Karina Filonenko evacuated from Ukraine to Poland with her two children just after the start of the war.
A challenge for each person who lived in Ukraine after February 24, is to ‘stay alive.’ Could you ever expect that in the 21st century, the word “genocide” will be heard and seen? The Jewish Holocaust and mass shooting of World War II in Kiev’s Babin Yar, and across the entire territory of Ukraine, took away the lives of more than half of Ukrainian Jewry. And now in Ukraine, there is again genocide, but now the Ukrainian people die at the hands of the Russian soldiers.
‘Stay alive’—this is life, when you can’t plan, predict, you don’t know—where you will live through the day, will your relatives be alive and will you be deprived of your life?
Imagine that you have a house, which was repeatedly paid on credit, nurtured, repaired, and filled with personal items and trinkets, and suddenly you receive the news that your home no longer exists.
Or maybe after hiding in a bomb shelter, you realize that your house was hit by a rocket, and there is no longer your favorite sofa, TV, kitchen, or favorite pink rabbit.
My daughter and I are currently reading a wonderful work by children’s writer Judith Kerr, How Hitler Stole the Pink Rabbit, about the family of a Jewish girl who had to flee Germany in 1933 when Hitler was appointed Chancellor of Germany. It resonates with our lives in Poland now. I think that 89 years have passed since Hitler, and there are people in the world who are committing genocide of another nation—for whom neither their life nor another’s is important. But, evil will be defeated, as good people won then, so it will be now.
The atrocities committed by the Russian occupiers near Kyiv and other cities, rockets falling on us and our children day and night, forced Ukrainians to go abroad and seek temporary refuge in other countries to preserve the most valuable thing—our future, the future of Ukraine, our children, their health and psyche, and to continue their education.
That is why I, with my two daughters ages 7 and 3, together with a relative and her 4-year-old son, after another air alarm, gathered things, children, and thoughts together: one suitcase and a backpack each. We said goodbye to our husbands and parents and boarded a cold evacuation train that took 15 hours to Lviv, passing all the dangerous cities that had already been bombed to pick up future refugees and take them to a safer place. So, we were in Lviv at 6 am, it was still curfew, we couldn’t get out of the station, and there were a lot of people there. We were lucky that the train went so long and arrived only in the morning.
We waited for three days for a bus to Krakow to be with relatives, because it was impossible to buy a ticket every day, and it was impossible to wait for the evacuation train in a live queue several kilometers long with three children in the cold.
When we got on the bus, we waited in huge queues at the border, and at 3 am, we crossed to the Polish side. Everything went so quickly and easily that we could not believe our happiness.
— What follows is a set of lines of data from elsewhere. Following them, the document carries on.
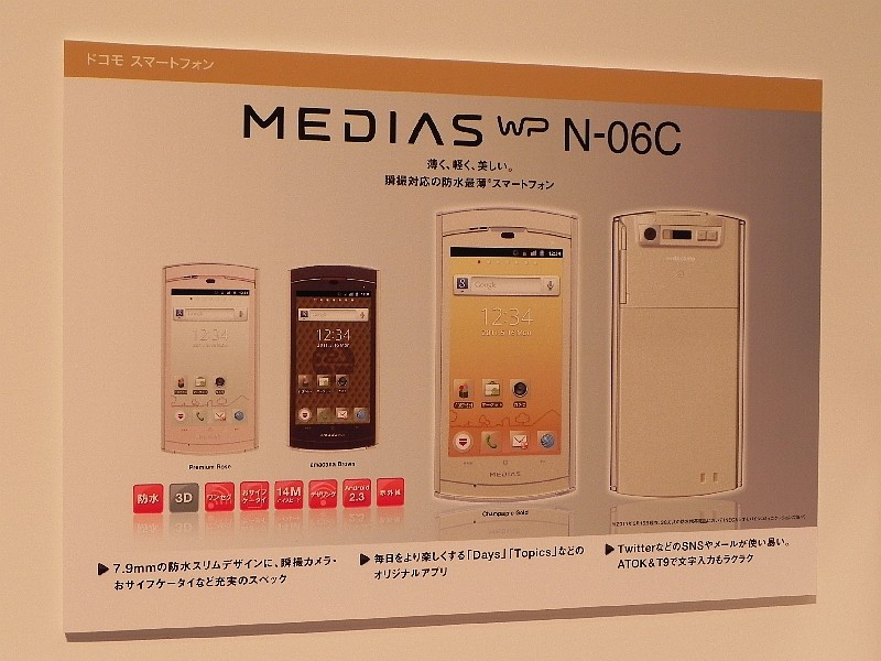 既報の通り、NTTドコモは16日、「2011年夏モデル 新商品・新サービス発表会」を行い、NECカシオモバイルコミュニケーションズ製のシリーズ最新モデルとなる「MEDIAS WP N-06C」(以下、MEDIAS WP )を発表した。
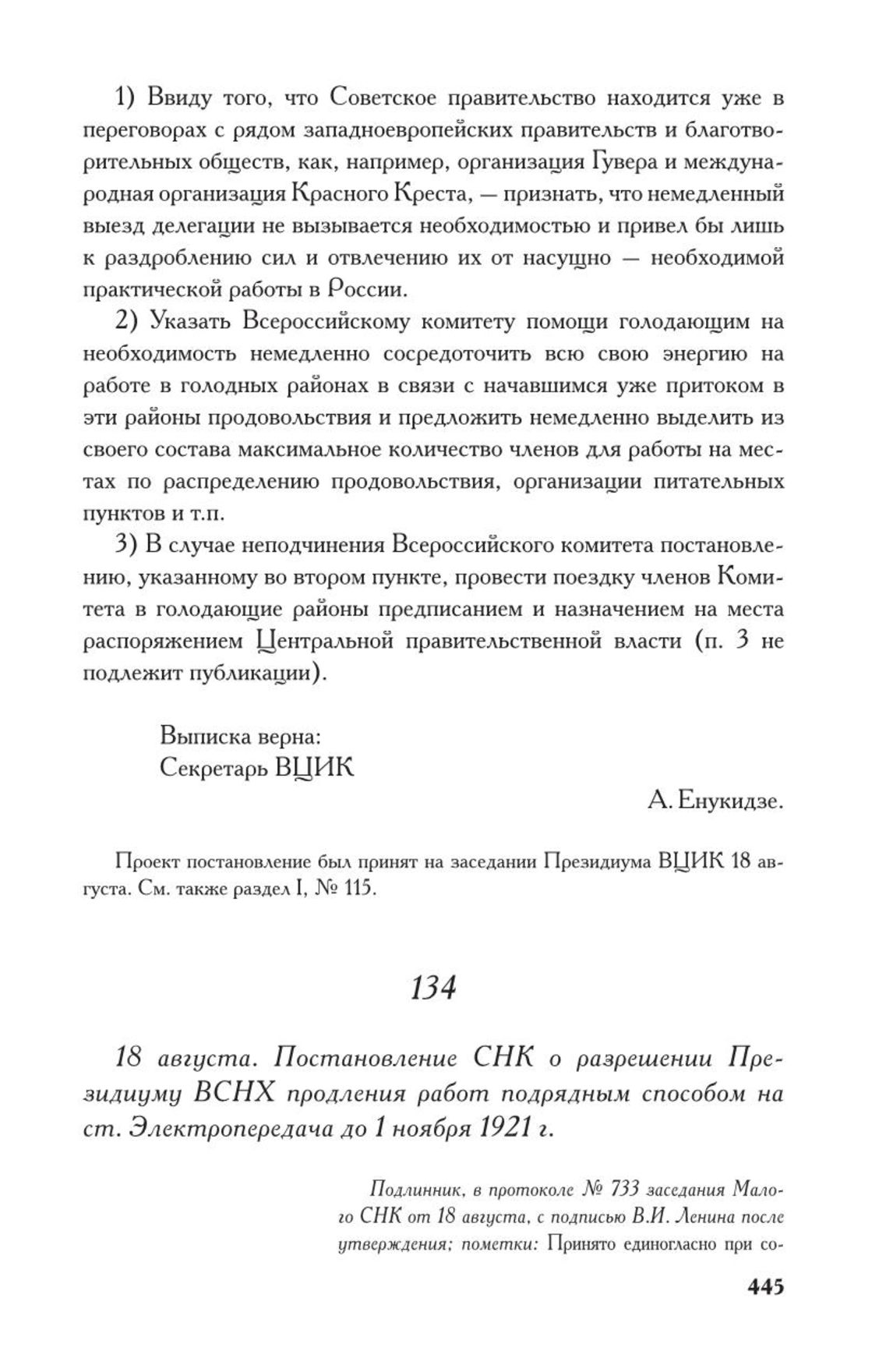 Постановление СНК о разрешении Президиуму ВСНХ продления работ подрядным способом на ст. Электропередача до 1 ноября 1921 г. 18 августа // Подлинник, в протоколе № 733 заседания Малого СНК от 18 августа, с подписью В.И. Ленина после утверждения; пометки: Принято единогласно при согласии докладчика || Председатель Г. Леплевский. Члены: Я. Гиндин. Н. Волынский. Черлюнчакевич. РГАСПИ, ф. 2, оп. 1, ед. хр. 20381, л. 11. Печатается впервые.
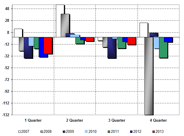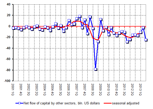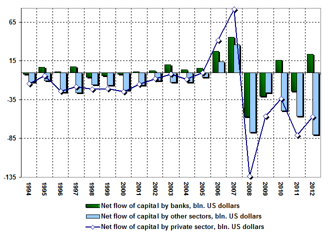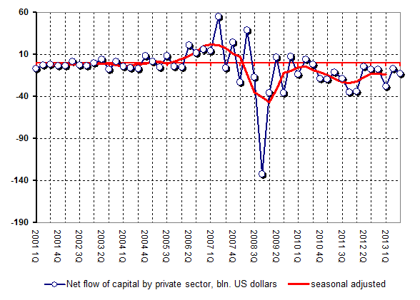 Outflow The first estimate of Balance of Payments by Bank of Russia shows 12.9 billions of US dollars of net capital outflow by private sector during the 3-rd Quarter of 2013. During the 3-rd Quarter of 2012 net capital outflow was equal 7.9 billions of US dollars.
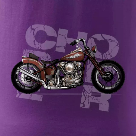 Triko pro motorkáře, na kterém je červená motorka chopper. Motocykl by měl mít na triku každý správný motorkář. Moto triko s motorkou je vhodný dárek pro motorkáře.
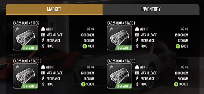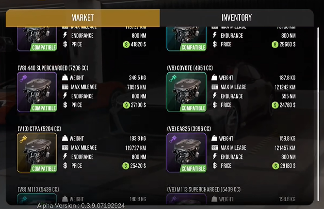 5、通过点击ENGINE MARKET就能对引擎进行更换;
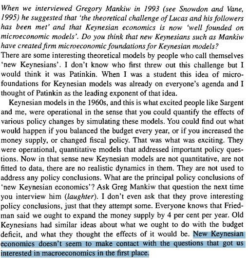 Lucas: New Keynesian economics doesn’t seem to make contact with the questions that got us interested in macroeconomics in the first place.
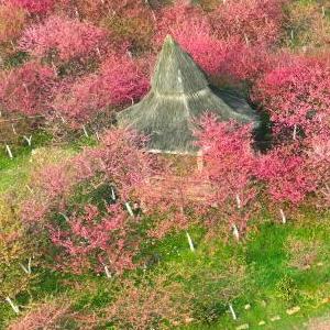 2月21日,游客在常寧市羅橋鎮廟山村櫻花園賞櫻游玩(無(wú)人機照片)。
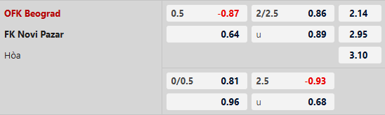 Thông tin tỷ lệ OFK Beograd vs Novi Pazar:
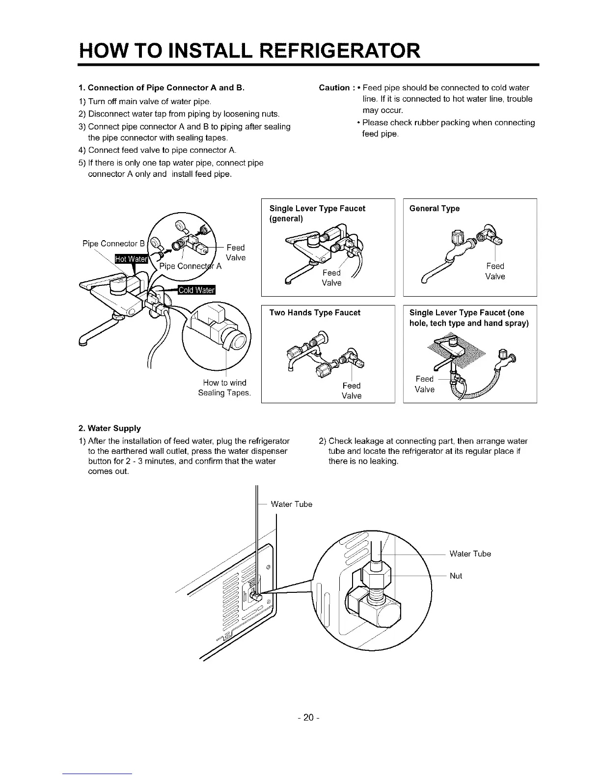 Caution : • Feed pipe should be connected to cold water

Polish volunteers greeted us so happily with treats, delicacies, hot drinks, baby diapers—all at 3 am!
The warm welcome in Poland did not end at the border. Wherever we had to go—the market square in Krakow, the hotel in Muszyn, or the social welfare center in Krynica-Zdroj—everywhere people helped us with things, food, and housing. We feel supported and protected—we are infinitely appreciative and we will never forget.
Apparently, the Jews had the same feelings when Poles rescued them from German concentration camps and hid them, providing all possible assistance.
Poland was the only Nazi-occupied country in Europe to host the Zhegota organization, aimed solely at helping Jews. More than 50,000 Jews survived the Nazi occupation of Poland, and half of them received some form of assistance from Zhegota.
Steven Spielberg’s Schindler’s List is based on real events in Poland, when at the factory in Krakow, the owner hid more than 1,000 Jews from the Nazis. It is symbolic that one of the actresses in this film, Olivia Dabrowski, joined the volunteer movement and is helping on the Polish-Ukrainian border, sending humanitarian aid.
Support of countries, peoples, mutual assistance and kindness, is what will win the war. Unity is our strength.
Karina Filonenko’s aunt, Stella Krenman emigrated from Ukraine to Tidewater in 1994.